I launched a null kernel with grid size and block size I specified on H800 cuda 12.8. And I use ncu to profile this null kernel. ncu --clock-control none --metrics smsp__cycles_elapsed.max,smsp__cycles_active.max ./null_kernel 132 384
The results are as follows:
Launching kernel with grid_size=132, block_size=384
Total threads: 50688
[1504] null_kernel@127.0.0.1
null_kernel() (132, 1, 1)x(384, 1, 1), Context 1, Stream 7, Device 0, CC 9.0
Warning: Data collection happened without fixed GPU frequencies.
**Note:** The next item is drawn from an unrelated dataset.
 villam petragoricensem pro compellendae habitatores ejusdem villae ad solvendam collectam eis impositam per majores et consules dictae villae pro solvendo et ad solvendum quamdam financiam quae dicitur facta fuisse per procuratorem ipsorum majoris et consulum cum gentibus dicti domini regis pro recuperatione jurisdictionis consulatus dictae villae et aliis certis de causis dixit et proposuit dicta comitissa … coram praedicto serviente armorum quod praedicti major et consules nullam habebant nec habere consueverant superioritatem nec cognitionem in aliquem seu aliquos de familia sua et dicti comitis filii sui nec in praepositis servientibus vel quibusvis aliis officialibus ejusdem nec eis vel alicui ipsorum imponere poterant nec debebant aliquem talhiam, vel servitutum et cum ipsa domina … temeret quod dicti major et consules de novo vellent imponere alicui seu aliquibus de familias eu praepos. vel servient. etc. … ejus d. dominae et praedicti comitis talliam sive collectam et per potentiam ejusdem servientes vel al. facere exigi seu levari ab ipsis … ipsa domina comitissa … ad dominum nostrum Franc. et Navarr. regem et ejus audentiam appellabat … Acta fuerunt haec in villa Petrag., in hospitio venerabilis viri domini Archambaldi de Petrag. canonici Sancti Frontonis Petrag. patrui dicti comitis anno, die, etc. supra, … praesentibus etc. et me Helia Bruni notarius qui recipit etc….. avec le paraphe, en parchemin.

Profiling results may be inconsistent.
Section: Command line profiler metrics
1013 cycles is longer than I would expect. A H800 has <132 SM (114 SMs?), so a subset of SMs will receive 2 blocks. Each block is 384 threads which is 3 warps per SMSP.
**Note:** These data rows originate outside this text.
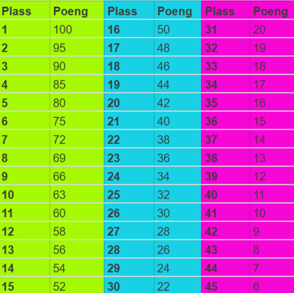 Poengfordelingen for de ulike plasseringene er i år lik fordelingen i verdenscupen: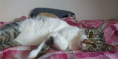 Suna ist so eine tolle Katze, die es einfach nur liebt dazu zu liegen, gestreichelt zu werden und die Umgebung durch das Fenster zu beobachten. |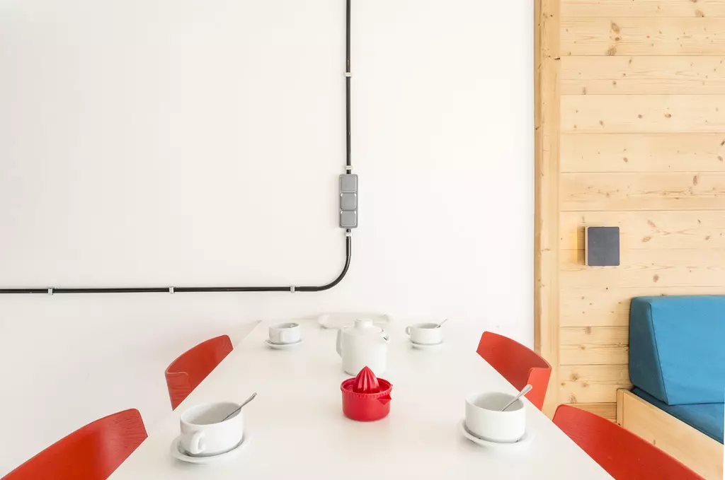 Coin cuisine comprenant : 2 plaques vitrocéramique, micro-ondes , réfrigérateur/freezer, lave vaisselle, bouilloire, cafetière électrique à filtre, et grille pain.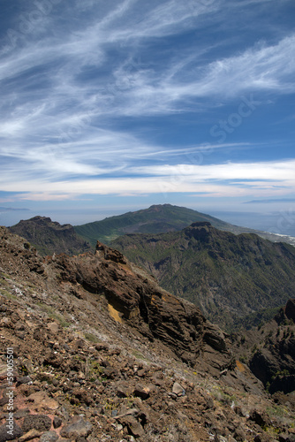 mount, peak, crater, mountain, coast, panorama, volcano, countryside, caldera, hillside, sheer, atlantic ocean, canary island, heaven, blue, cloud, la palma, africa, atlantic, europa, island, upright format, spain, brown, green, white

I warp per SM will cause IDC to miss LDC R1, c[0x0][0x28]. However, all warps will back pressure on the load until the miss is returned. I would expect the second wave will be able to immediately execute.
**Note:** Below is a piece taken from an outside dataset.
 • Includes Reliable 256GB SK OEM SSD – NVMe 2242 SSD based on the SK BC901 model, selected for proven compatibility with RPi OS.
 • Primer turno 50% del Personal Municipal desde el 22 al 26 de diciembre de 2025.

The best response is that you have a subset of SMs that are getting 2 CTAs launched which is increasing the number by quite a bit. It would be interesting to look at the smsp__cycles_active.min and smsp__cycles_active.avg to see how these differ.
1013 seems too high to me. Are you sure you are not building with -G? This will add a lot of extra instructions to guarantee everything completes and is flushed to memory which could easily increase latency by multiple 100s of cycles.
The reason why I profile the null kernel is that I want to measure the warp schedule overhead. And I want to use smsp__cycles_active to represent the overhead. Is this correct?
H800 has 132 SMs, same as H100, so the num_waves=1. And I didn’t use the -G option.
ncu --set full -o null -f ./null_kernel 132 384
And here is the ncu report.
In this report, the smsp__cycles_active.max = 774, min=447. smsp__cycles_elapsed.max = 4066. Is this result makes sense to you?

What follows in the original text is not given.